▶ **YOUR TASK**
Only one stretch of the data is wanted: the line containing "Картина на холсте", the line containing "1月30日,记者查看数禾科技", and every line between them, copied exactly.

▶ **GIVEN INFORMATION**
:::::
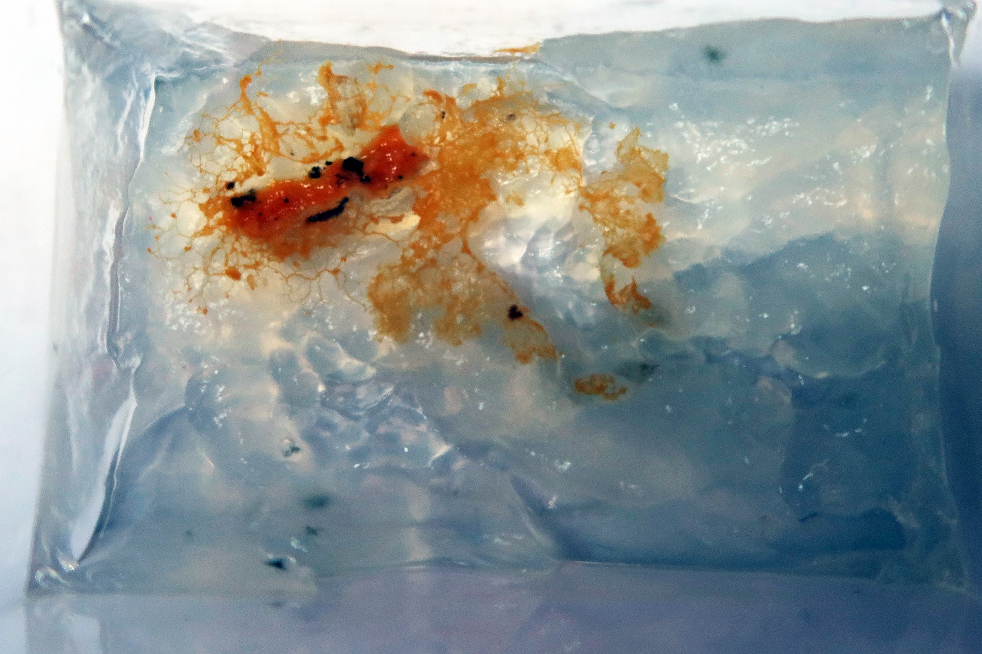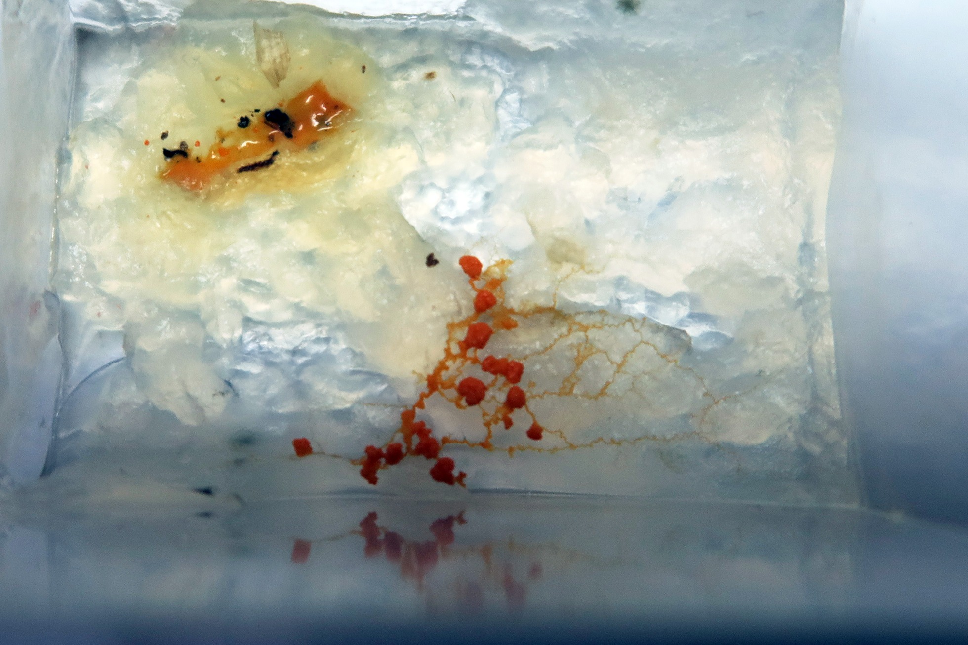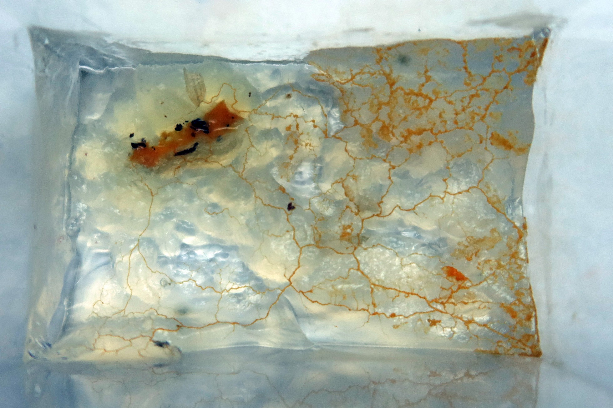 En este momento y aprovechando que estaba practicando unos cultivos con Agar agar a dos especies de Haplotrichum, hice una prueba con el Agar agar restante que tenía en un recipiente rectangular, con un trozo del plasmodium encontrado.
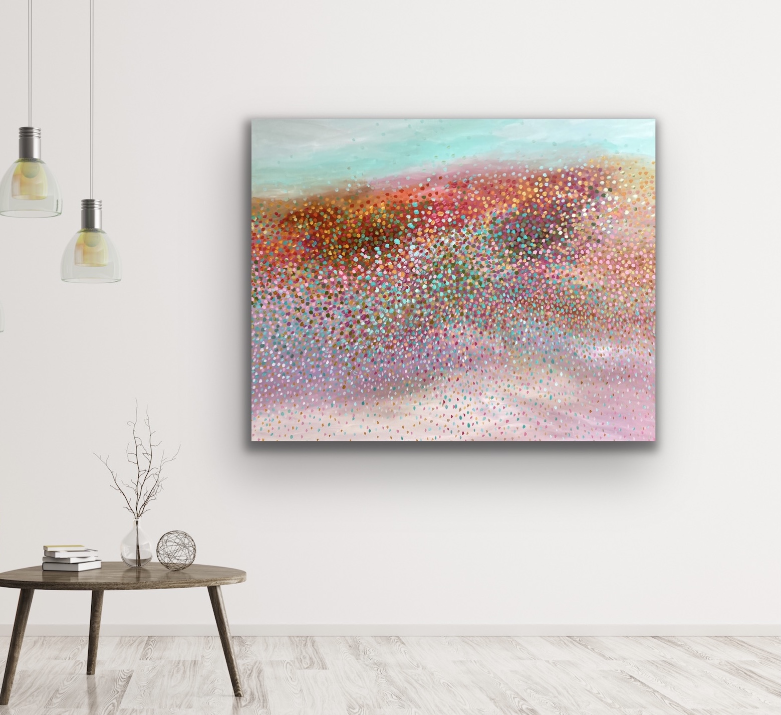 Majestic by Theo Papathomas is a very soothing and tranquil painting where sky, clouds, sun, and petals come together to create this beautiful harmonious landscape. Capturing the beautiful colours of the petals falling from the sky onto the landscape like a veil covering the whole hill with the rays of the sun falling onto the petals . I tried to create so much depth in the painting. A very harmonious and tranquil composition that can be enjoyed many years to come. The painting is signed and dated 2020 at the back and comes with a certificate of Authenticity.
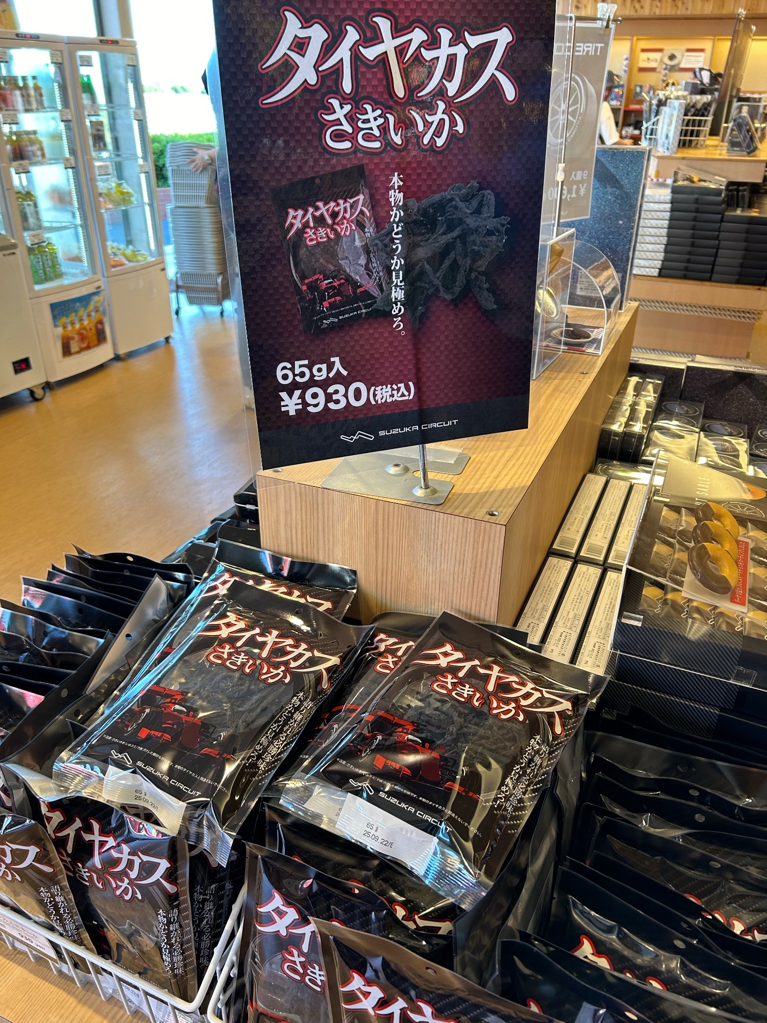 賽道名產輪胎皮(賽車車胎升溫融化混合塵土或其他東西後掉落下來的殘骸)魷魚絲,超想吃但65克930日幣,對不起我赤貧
:::::
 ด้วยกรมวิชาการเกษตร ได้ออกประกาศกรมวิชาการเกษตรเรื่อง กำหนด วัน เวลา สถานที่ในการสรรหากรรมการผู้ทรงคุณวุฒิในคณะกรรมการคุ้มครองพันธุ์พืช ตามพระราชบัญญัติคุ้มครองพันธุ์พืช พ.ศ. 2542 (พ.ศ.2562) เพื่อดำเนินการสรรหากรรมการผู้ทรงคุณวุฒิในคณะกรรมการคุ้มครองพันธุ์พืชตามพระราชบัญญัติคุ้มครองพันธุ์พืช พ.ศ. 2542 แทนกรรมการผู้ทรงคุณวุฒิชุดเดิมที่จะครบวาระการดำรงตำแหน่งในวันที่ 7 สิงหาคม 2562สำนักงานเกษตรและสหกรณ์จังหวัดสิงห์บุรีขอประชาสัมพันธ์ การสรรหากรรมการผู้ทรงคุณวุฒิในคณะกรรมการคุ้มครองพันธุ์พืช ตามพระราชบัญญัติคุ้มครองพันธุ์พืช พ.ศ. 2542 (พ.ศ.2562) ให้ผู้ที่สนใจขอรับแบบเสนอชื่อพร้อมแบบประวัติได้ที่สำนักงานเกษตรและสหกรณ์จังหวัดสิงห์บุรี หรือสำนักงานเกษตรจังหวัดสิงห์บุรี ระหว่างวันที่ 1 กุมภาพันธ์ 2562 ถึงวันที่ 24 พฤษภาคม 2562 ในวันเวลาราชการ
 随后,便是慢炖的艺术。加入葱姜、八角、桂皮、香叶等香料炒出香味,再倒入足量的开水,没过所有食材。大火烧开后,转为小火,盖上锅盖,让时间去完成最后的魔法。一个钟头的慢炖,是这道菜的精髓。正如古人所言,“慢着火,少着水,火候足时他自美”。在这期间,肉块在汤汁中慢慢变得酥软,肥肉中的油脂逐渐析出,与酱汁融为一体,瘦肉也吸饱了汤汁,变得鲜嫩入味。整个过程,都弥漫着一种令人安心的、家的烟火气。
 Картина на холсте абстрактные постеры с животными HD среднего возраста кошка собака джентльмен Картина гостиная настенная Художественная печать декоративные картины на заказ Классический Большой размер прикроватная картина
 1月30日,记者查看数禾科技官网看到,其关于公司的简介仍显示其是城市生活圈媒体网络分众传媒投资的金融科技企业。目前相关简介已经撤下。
:::::
▶ **RESULT FOR THIS EXERCISE**
 Картина на холсте абстрактные постеры с животными HD среднего возраста кошка собака джентльмен Картина гостиная настенная Художественная печать декоративные картины на заказ Классический Большой размер прикроватная картина
 1月30日,记者查看数禾科技官网看到,其关于公司的简介仍显示其是城市生活圈媒体网络分众传媒投资的金融科技企业。目前相关简介已经撤下。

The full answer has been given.